地缘经济竞争与贸易集团形成:美国、德国和日本的出口,1968-1992

Geo-Economic Competition and Trade Bloc Formation: United States, German, and Japanese Exports, 1968-1992

Economic Geography · 1996
被引 70
人大 A-ABS 4

中文导读

研究1968-1992年美国、日本和西德对114个贸易伙伴的出口份额,发现世界并未明显分裂为贸易集团,区域联系虽有加强但日本正拓展域外出口,对贸易集团形成的担忧被夸大。

Abstract

In the post-cold war world, geo-economic competition is thought to be replacing geopolitical competition as the focus of great power relations. The cold war years corresponded to the period of U.S. hegemony in world trade and relations in the Western bloc. With the shrinking of the power gap between the United States and the other two great trading states, Japan and West Germany, as well as increased competition for trade shares, a division of the world economy into trade blocs has been anticipated.
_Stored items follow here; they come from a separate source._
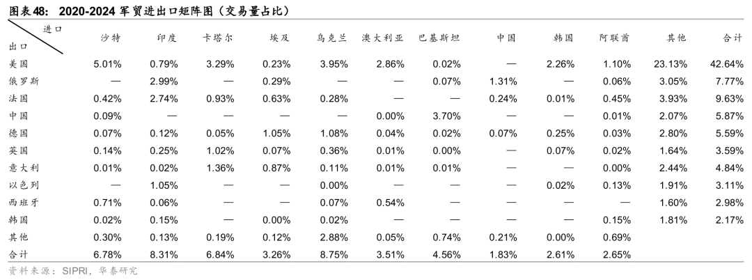 军贸武器供给集中度高,美国占全球军贸市场43%的份额。先进军用武器制造对于国家的科技、工业水平有较高的要求,军贸出口国主要集中在美国、俄罗斯、法国、中国、德国等。根据SIPRI数据,2020-2024年,前十大军贸出口国为美国、法国、俄罗斯、中国、德国、英国、意大利、以色列、西班牙和韩国,合计出口武器占军贸市场的88.17%。美国是第一大军贸出口国,近几年军贸市场份额进一步提升,2020-2024年美国军贸市场份额42.64%,较2015-2019年的市场份额提高7.61pcts。解放军报报道,2024财年美国政府对外军售项目金额可能达到1000亿美元,大幅超过2023财年的662亿美元。
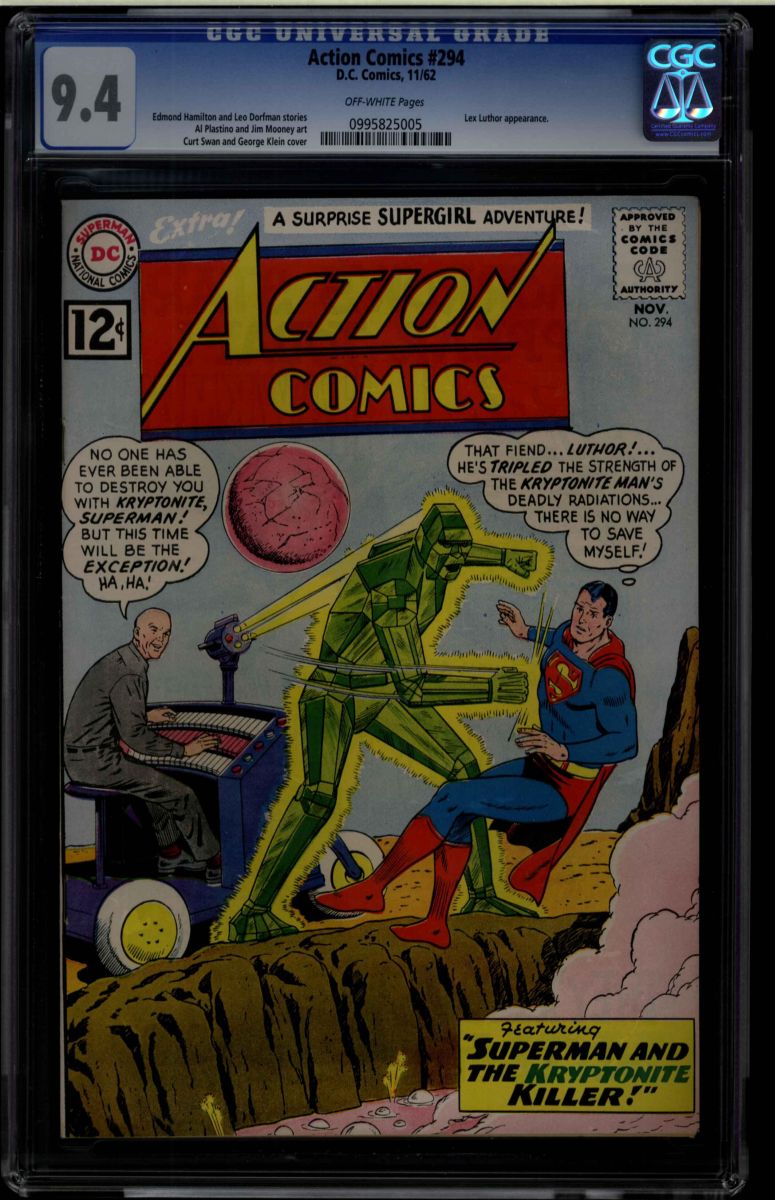 Action Comics #294 CGC 9.4 off-white pages. Edmond Hamilton and Leo Dorfman stories. Al Plastino and Jim Mooney art. Curt Swan and George Klein cover. Lex Luthor appearance. Overstreet 2009 NM 9.2 value = $200. CGC census: 1 at 9.4, none higher!
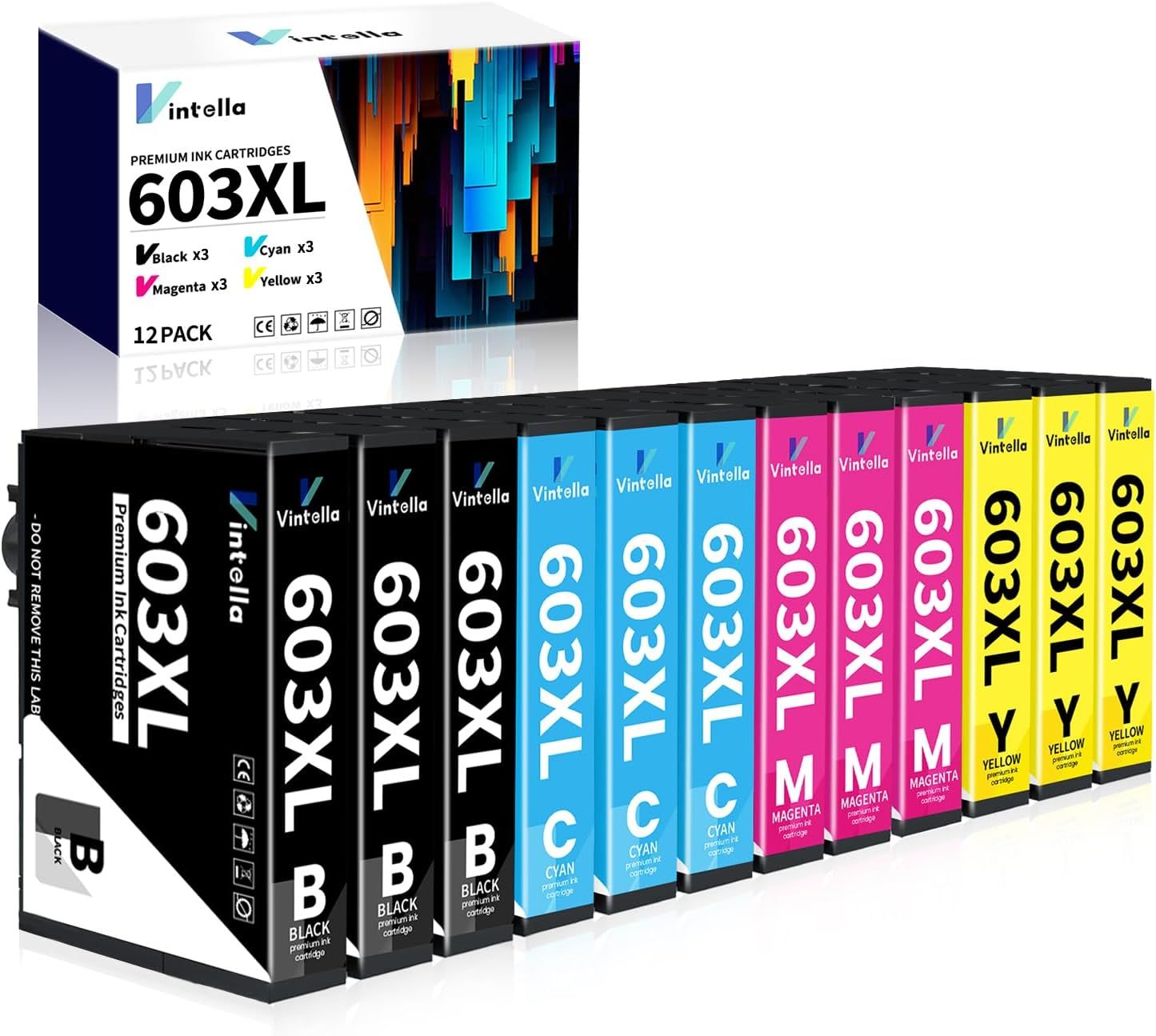 Vintella 603XL Cartouche d'encre pour Epson 603 XL Multipack pour Epson Expression Home XP-2100 XP-2105 XP-2150 XP-2155 XP-3100 XP-3150 XP-3155 XP-4100 XP-4150 WF-2810 WF-2820 WF-2830 (Paquet de 12)
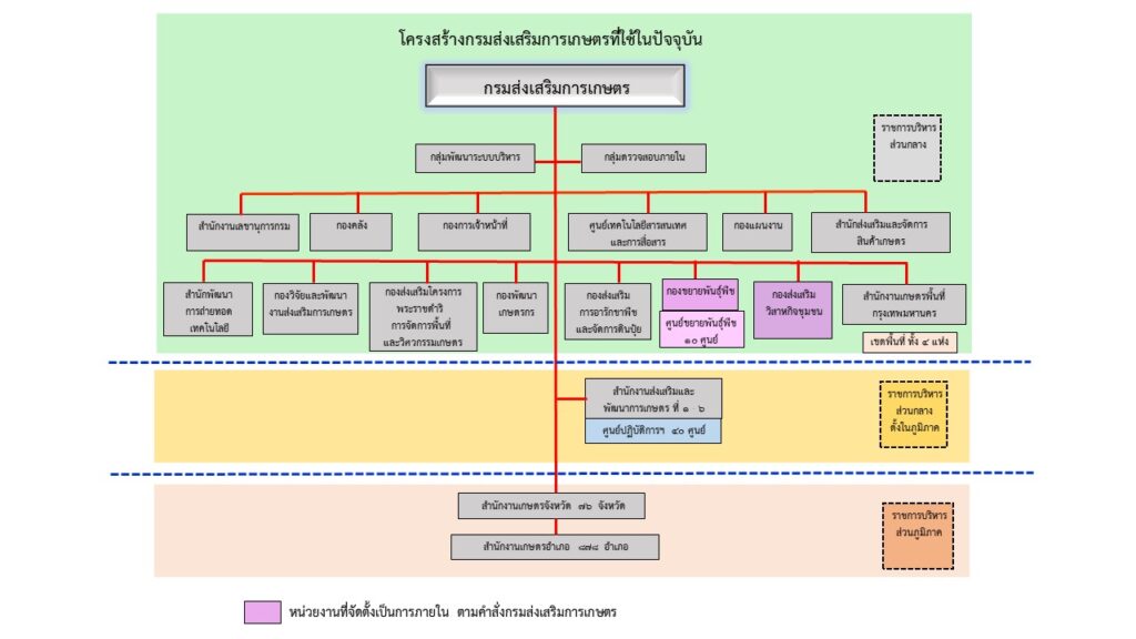ทั้งนี้ มีศูนย์ปฏิบัติการต่างๆ ในสังกัดสำนักงานส่งเสริมและพัฒนาการเกษตรที่ 1 – 6 จำนวน 50 ศูนย์ คือ ศูนย์ส่งเสริมและพัฒนาอาชีพการเกษตร 36 ศูนย์ และศูนย์ส่งเสริมเทคโนโลยีการเกษตร 14 ศูนย์ ได้แก่ ศูนย์ส่งเสริมเทคโนโลยีการเกษตรด้านแมลงเศรษฐกิจ 2 ศูนย์, ศูนย์ส่งเสริมเทคโนโลยีการเกษตรด้านอารักขาพืช 9 ศูนย์, ศูนย์ส่งเสริมเทคโนโลยีการเกษตรด้านวิศวกรรมเกษตร 2 ศูนย์ และศูนย์ส่งเสริมเยาวชนเกษตร 1 ศูนย์
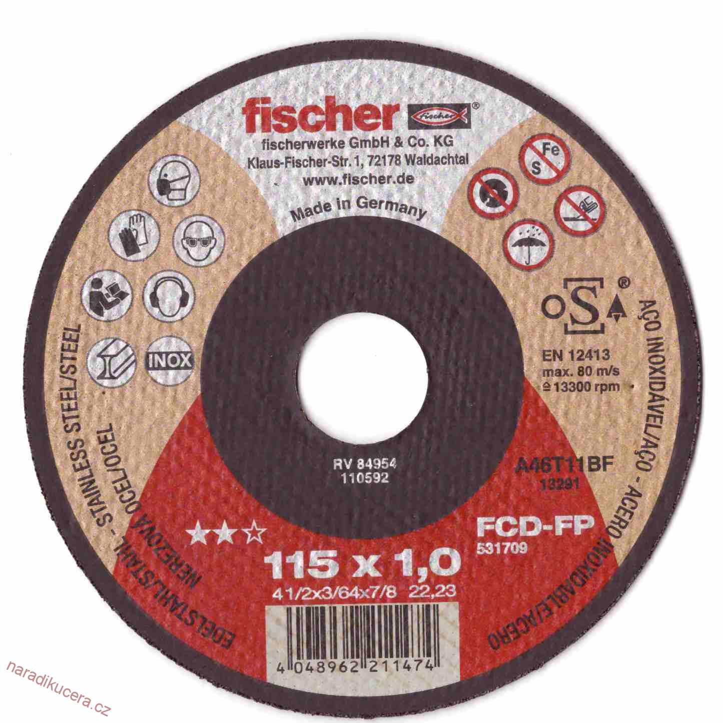 - Řezný kotouč Fischer na ocel a nerez 115x1,5x22,2 č. 531710
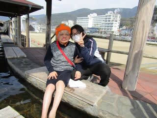 3月11日、グループ活動、第一班は、小浜の足湯へ出かけました♨
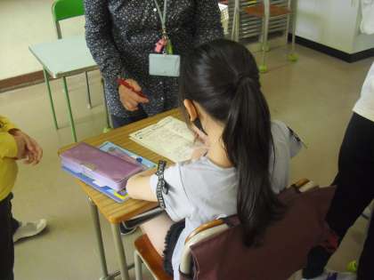 4年生が、算数の時間に、「何倍になるか考えよう」を目標に、わり算をして、何倍になるか計算しました。
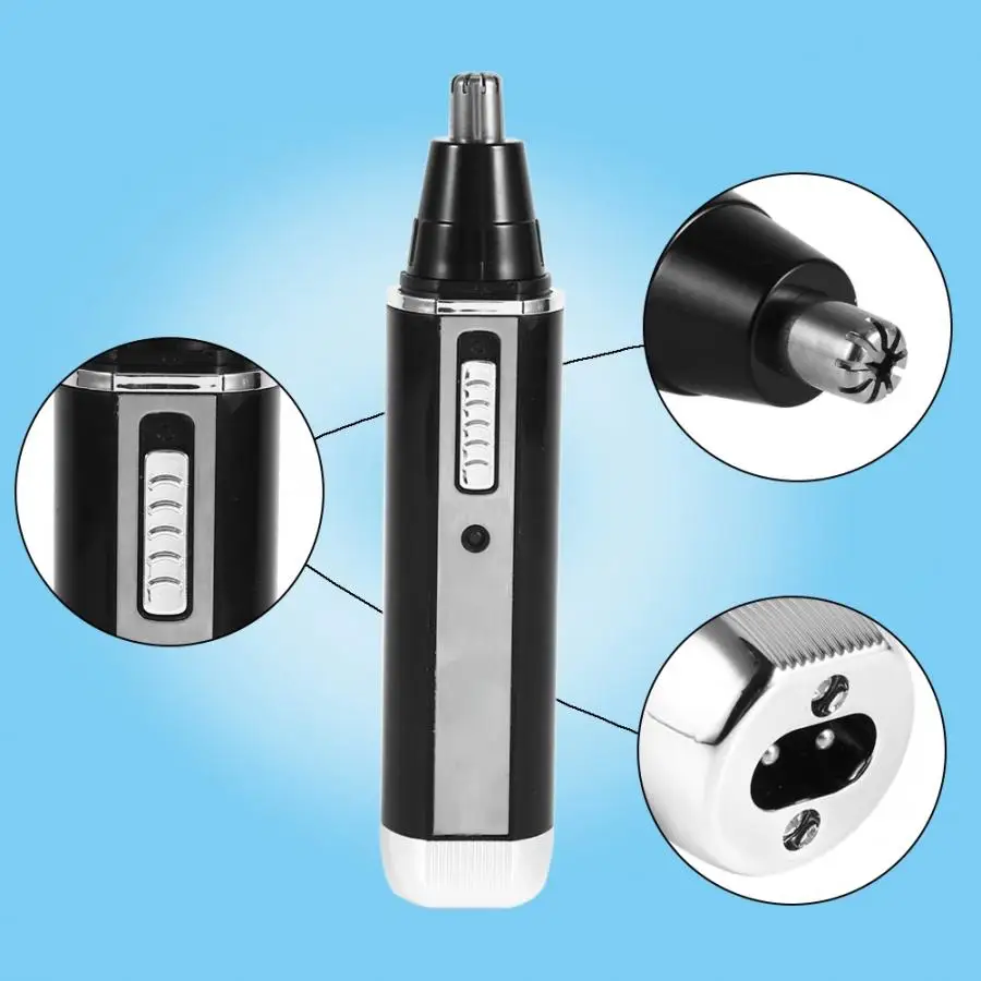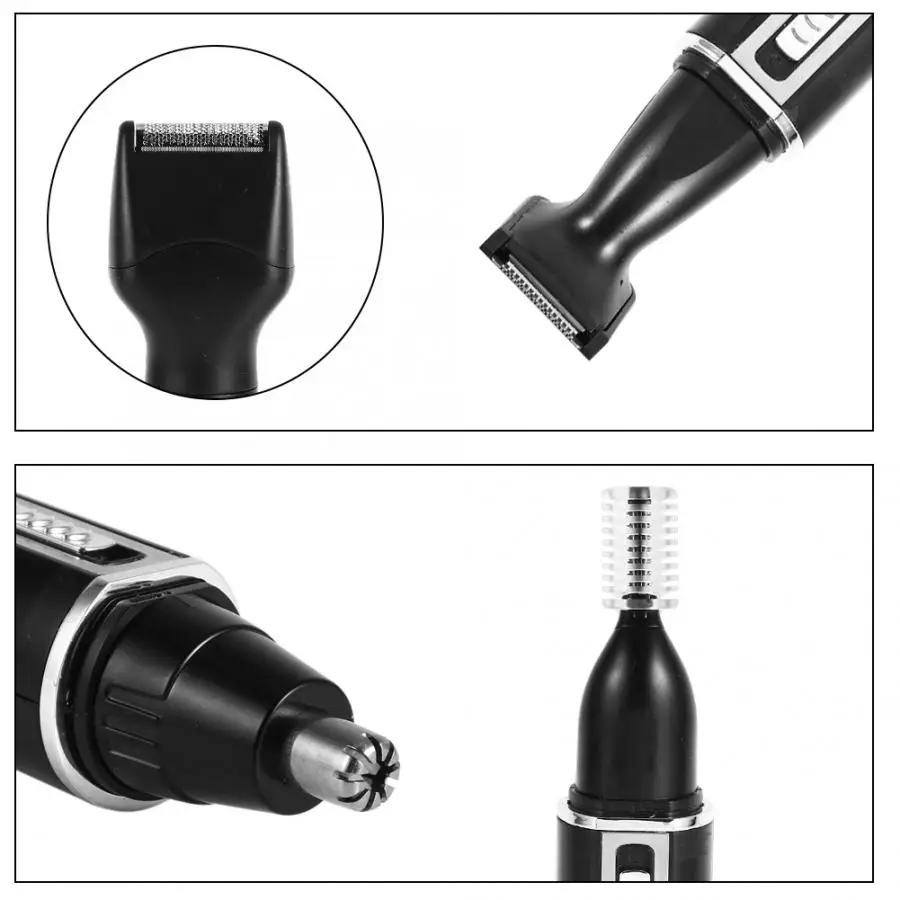1. Триммер для носа имеет 4 различных головки триммера, которые можно использовать для удаления волос вокруг ушей, носа, боковины и даже длинных бровей.
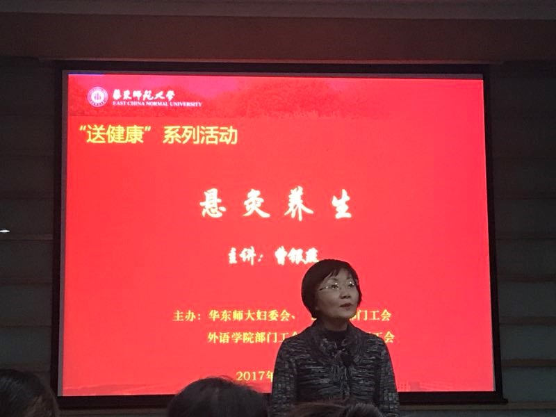 11月30日,由华东师范大学妇委会、出版社部门工会、外语学院部门工会、音乐系部门工会在中北校区工会大厅举办 “悬灸养生”健康养生讲座,邀请了上海市针灸学会保健专业委员会副主任曹银燕医师为老师们讲解悬灸养生的好处。

An examination of export shares for the three great powers with 114 partners in the past quarter century, 1968 to 1992, indicates there is not much evidence for the hypothesis of a world devolving into trade blocs. While regional links have intensified somewhat between the United States and its neighbors in the Americas and between West Germany and its European Union partners, Japan is broadening and deepening its export linkages with extraregional partners. Fears of the formation of blocs in the world trading system are greatly exaggerated.